_Data block_:
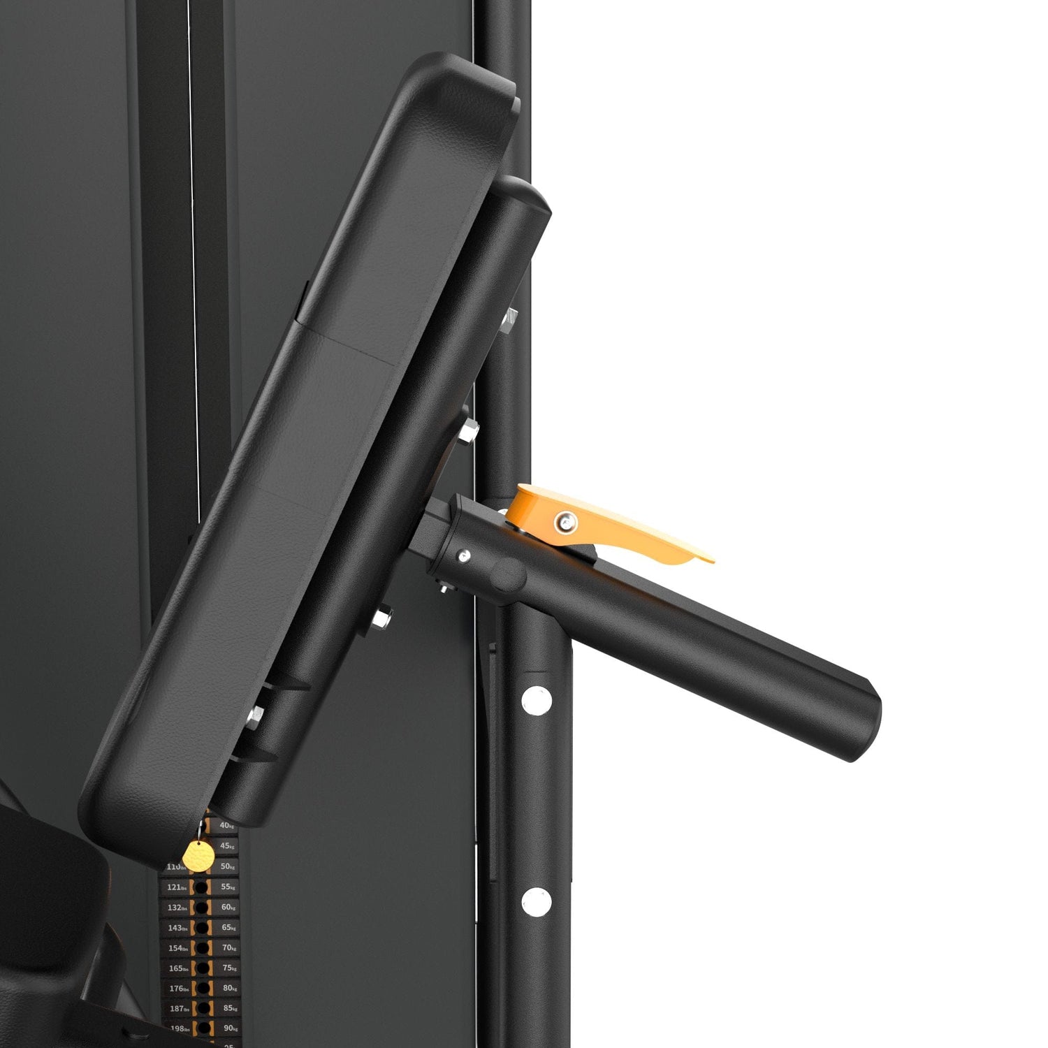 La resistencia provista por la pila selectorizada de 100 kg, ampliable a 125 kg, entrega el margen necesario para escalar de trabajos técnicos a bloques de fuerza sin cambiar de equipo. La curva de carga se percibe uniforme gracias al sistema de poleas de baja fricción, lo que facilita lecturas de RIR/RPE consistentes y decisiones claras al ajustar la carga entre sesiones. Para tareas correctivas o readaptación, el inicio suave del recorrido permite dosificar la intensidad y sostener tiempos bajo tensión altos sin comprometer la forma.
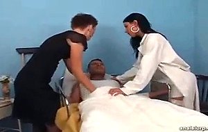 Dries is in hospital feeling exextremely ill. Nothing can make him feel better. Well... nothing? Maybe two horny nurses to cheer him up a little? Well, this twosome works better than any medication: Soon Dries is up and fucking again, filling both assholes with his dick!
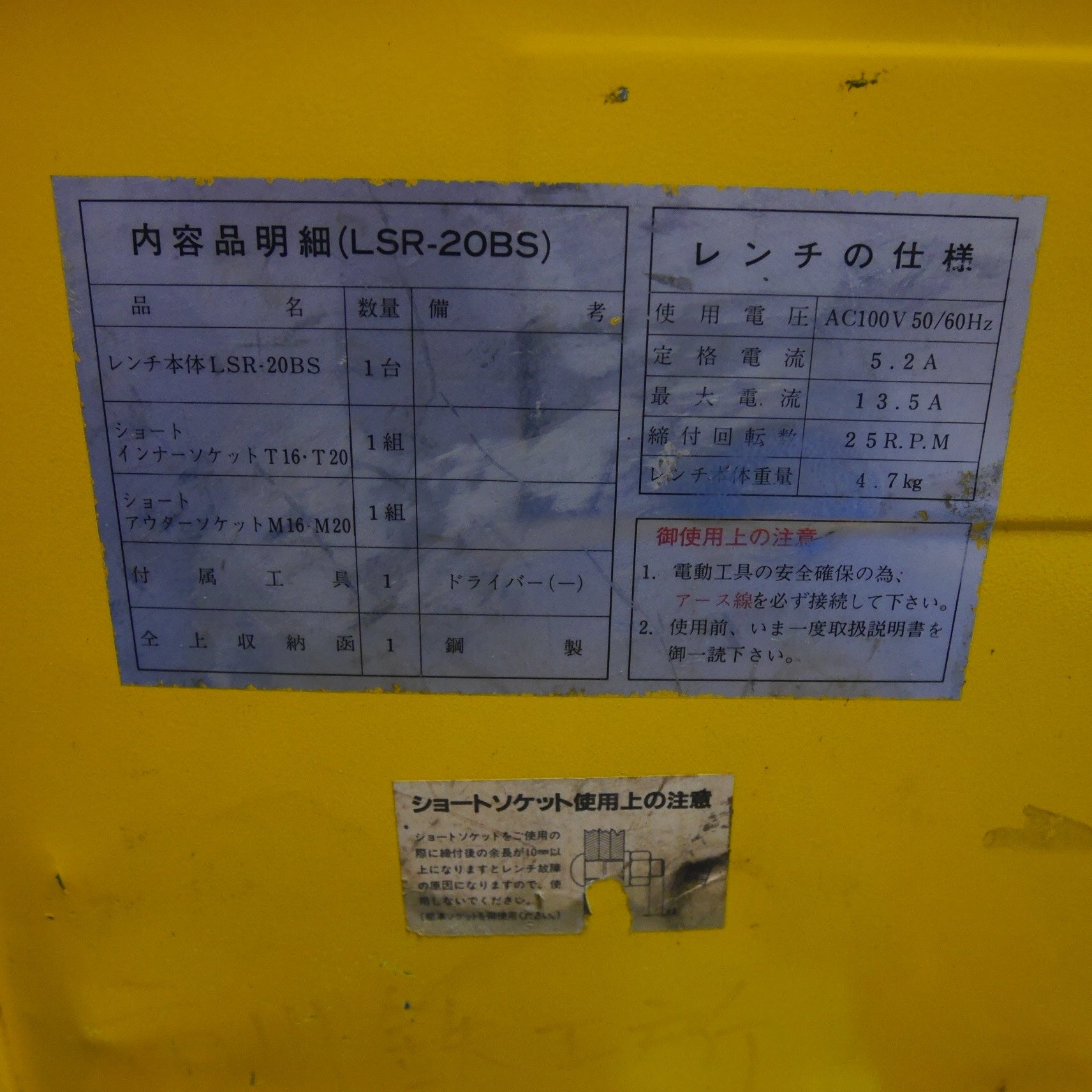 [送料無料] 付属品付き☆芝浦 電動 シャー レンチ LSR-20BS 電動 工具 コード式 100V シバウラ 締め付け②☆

_Problem description_:
Find the line that contains "Dries is in" and repeat it, along with every line after it to the end of the data, exactly; drop the pictures.

_Solution_:
 Dries is in hospital feeling exextremely ill. Nothing can make him feel better. Well... nothing? Maybe two horny nurses to cheer him up a little? Well, this twosome works better than any medication: Soon Dries is up and fucking again, filling both assholes with his dick!
 [送料無料] 付属品付き☆芝浦 電動 シャー レンチ LSR-20BS 電動 工具 コード式 100V シバウラ 締め付け②☆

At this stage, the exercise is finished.